BYU Law kicked off its 50th Anniversary celebration with Professor Thomas R. Lee
and Janet Lee Chamberlain—son and wife of BYU Law’s first dean, Rex. E.
Lee—sharing memories from the founding of the Law School and Lee’s tenure as
dean, as Solicitor General of the United States, and as president of Brigham Young
University. Chamberlain recalled Lee’s surprise as he was elevated from the
search committee to being asked to serve as dean, observing that Lee was then a
young lawyer and adjunct law professor at the University of Arizona. “He wasn’t
much older than some of the law students,” she remembers, yet he successfully
recruited faculty and students to an unaccredited law school. “He was so
engaging. People wanted to be where he was.”

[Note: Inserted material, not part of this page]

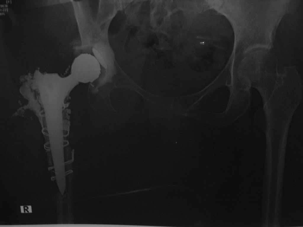 В августе 2010 года оперирована по поводу коксартроза пр ТБС Тотольное эндопротезирование. Видемо, во время обработки бедренного канала треснула вся проксимальная часть бедра. В послеоперационном периоде опер.рана не заживала..открылся свиш. нагноение!!! К нам поступила 30.05.2011 г . В настоящая время серозо-гнойное отделяемое из раны.
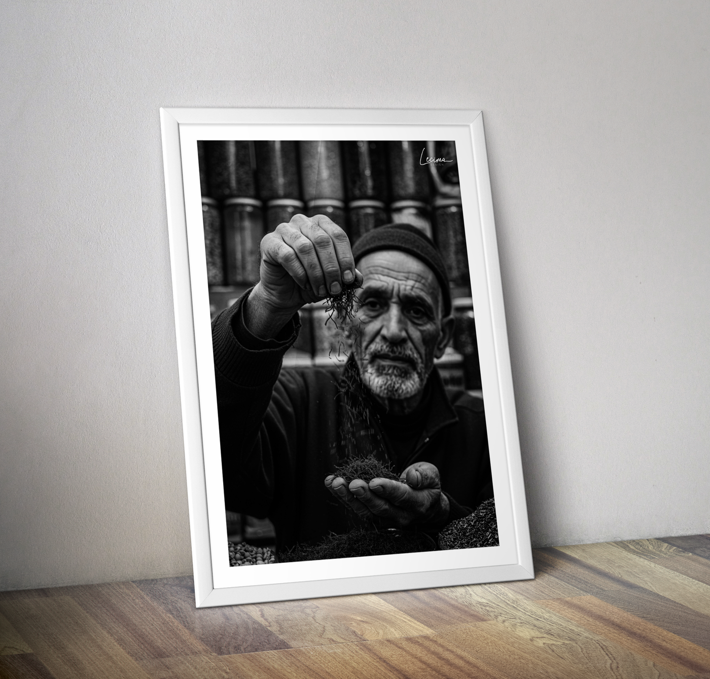 Affiche noir et blanc épicier Maroc - Poster safran orient - 70x50 cm

Chamberlain attributes Lee’s success as dean, advocate, parent, and friend to his
complete engagement in “whatever he was doing—he was focused on the
present.” Lee is remembered for his gusto and for his genuine excitement about
others’ accomplishments and talents, whether a colleague’s intellect or his
daughter’s cheerleading moves. Professor Thomas Lee expressed his admiration
for his father’s authenticity and integrity and shared excerpts from Lee’s last
address to BYU students in 1995 in which Lee emphasized the importance of
ethics and “the distinction between what you have a right to do and what is the
right thing to do.” Above all, Lee was committed to the eternal truths of the
gospel of Jesus Christ and he admonished students that these are truths more
important than anything learned in law school.